Write out the data below in full. Keep it exact.

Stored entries
+---+

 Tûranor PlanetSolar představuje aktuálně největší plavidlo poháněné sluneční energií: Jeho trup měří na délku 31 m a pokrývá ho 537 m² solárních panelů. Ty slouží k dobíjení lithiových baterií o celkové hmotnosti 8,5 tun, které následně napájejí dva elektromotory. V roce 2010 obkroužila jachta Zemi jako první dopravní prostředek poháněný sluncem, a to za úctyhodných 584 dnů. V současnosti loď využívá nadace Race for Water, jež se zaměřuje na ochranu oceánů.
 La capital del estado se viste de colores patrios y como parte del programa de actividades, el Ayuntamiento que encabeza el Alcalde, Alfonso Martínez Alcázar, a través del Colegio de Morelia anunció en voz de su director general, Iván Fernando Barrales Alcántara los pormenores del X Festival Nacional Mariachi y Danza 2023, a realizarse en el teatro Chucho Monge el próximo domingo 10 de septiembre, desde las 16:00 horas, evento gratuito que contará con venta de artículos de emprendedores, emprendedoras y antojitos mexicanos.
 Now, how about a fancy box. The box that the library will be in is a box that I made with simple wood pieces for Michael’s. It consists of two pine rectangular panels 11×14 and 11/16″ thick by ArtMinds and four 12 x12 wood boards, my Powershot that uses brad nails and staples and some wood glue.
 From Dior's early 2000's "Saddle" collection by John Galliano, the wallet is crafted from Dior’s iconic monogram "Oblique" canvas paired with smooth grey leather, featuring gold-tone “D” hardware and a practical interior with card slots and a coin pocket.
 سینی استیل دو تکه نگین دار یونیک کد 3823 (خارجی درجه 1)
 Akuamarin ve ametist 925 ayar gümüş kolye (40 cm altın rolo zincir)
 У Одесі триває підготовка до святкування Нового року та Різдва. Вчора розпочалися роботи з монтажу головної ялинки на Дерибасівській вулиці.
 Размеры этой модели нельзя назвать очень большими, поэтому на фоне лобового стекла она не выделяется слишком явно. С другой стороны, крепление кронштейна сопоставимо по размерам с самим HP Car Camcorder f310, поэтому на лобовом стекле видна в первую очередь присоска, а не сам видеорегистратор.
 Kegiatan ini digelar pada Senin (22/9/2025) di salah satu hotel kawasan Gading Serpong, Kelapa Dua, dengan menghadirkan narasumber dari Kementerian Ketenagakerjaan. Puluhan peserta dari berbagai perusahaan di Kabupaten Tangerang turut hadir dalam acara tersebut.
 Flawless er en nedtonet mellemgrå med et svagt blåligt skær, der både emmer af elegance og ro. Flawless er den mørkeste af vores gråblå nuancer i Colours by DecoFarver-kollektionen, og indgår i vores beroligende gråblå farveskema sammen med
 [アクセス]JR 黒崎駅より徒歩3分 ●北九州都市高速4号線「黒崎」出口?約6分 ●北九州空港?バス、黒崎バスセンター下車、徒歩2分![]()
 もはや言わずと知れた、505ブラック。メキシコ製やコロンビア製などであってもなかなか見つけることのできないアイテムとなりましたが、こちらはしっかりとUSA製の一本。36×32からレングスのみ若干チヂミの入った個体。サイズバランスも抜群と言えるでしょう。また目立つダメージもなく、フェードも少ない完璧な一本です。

+---+

-- Written solution --
 Tûranor PlanetSolar představuje aktuálně největší plavidlo poháněné sluneční energií: Jeho trup měří na délku 31 m a pokrývá ho 537 m² solárních panelů. Ty slouží k dobíjení lithiových baterií o celkové hmotnosti 8,5 tun, které následně napájejí dva elektromotory. V roce 2010 obkroužila jachta Zemi jako první dopravní prostředek poháněný sluncem, a to za úctyhodných 584 dnů. V současnosti loď využívá nadace Race for Water, jež se zaměřuje na ochranu oceánů.
 La capital del estado se viste de colores patrios y como parte del programa de actividades, el Ayuntamiento que encabeza el Alcalde, Alfonso Martínez Alcázar, a través del Colegio de Morelia anunció en voz de su director general, Iván Fernando Barrales Alcántara los pormenores del X Festival Nacional Mariachi y Danza 2023, a realizarse en el teatro Chucho Monge el próximo domingo 10 de septiembre, desde las 16:00 horas, evento gratuito que contará con venta de artículos de emprendedores, emprendedoras y antojitos mexicanos.
 Now, how about a fancy box. The box that the library will be in is a box that I made with simple wood pieces for Michael’s. It consists of two pine rectangular panels 11×14 and 11/16″ thick by ArtMinds and four 12 x12 wood boards, my Powershot that uses brad nails and staples and some wood glue.
 From Dior's early 2000's "Saddle" collection by John Galliano, the wallet is crafted from Dior’s iconic monogram "Oblique" canvas paired with smooth grey leather, featuring gold-tone “D” hardware and a practical interior with card slots and a coin pocket.
 سینی استیل دو تکه نگین دار یونیک کد 3823 (خارجی درجه 1)
 Akuamarin ve ametist 925 ayar gümüş kolye (40 cm altın rolo zincir)
 У Одесі триває підготовка до святкування Нового року та Різдва. Вчора розпочалися роботи з монтажу головної ялинки на Дерибасівській вулиці.
 Размеры этой модели нельзя назвать очень большими, поэтому на фоне лобового стекла она не выделяется слишком явно. С другой стороны, крепление кронштейна сопоставимо по размерам с самим HP Car Camcorder f310, поэтому на лобовом стекле видна в первую очередь присоска, а не сам видеорегистратор.
 Kegiatan ini digelar pada Senin (22/9/2025) di salah satu hotel kawasan Gading Serpong, Kelapa Dua, dengan menghadirkan narasumber dari Kementerian Ketenagakerjaan. Puluhan peserta dari berbagai perusahaan di Kabupaten Tangerang turut hadir dalam acara tersebut.
 Flawless er en nedtonet mellemgrå med et svagt blåligt skær, der både emmer af elegance og ro. Flawless er den mørkeste af vores gråblå nuancer i Colours by DecoFarver-kollektionen, og indgår i vores beroligende gråblå farveskema sammen med
 [アクセス]JR 黒崎駅より徒歩3分 ●北九州都市高速4号線「黒崎」出口?約6分 ●北九州空港?バス、黒崎バスセンター下車、徒歩2分![]()
 もはや言わずと知れた、505ブラック。メキシコ製やコロンビア製などであってもなかなか見つけることのできないアイテムとなりましたが、こちらはしっかりとUSA製の一本。36×32からレングスのみ若干チヂミの入った個体。サイズバランスも抜群と言えるでしょう。また目立つダメージもなく、フェードも少ない完璧な一本です。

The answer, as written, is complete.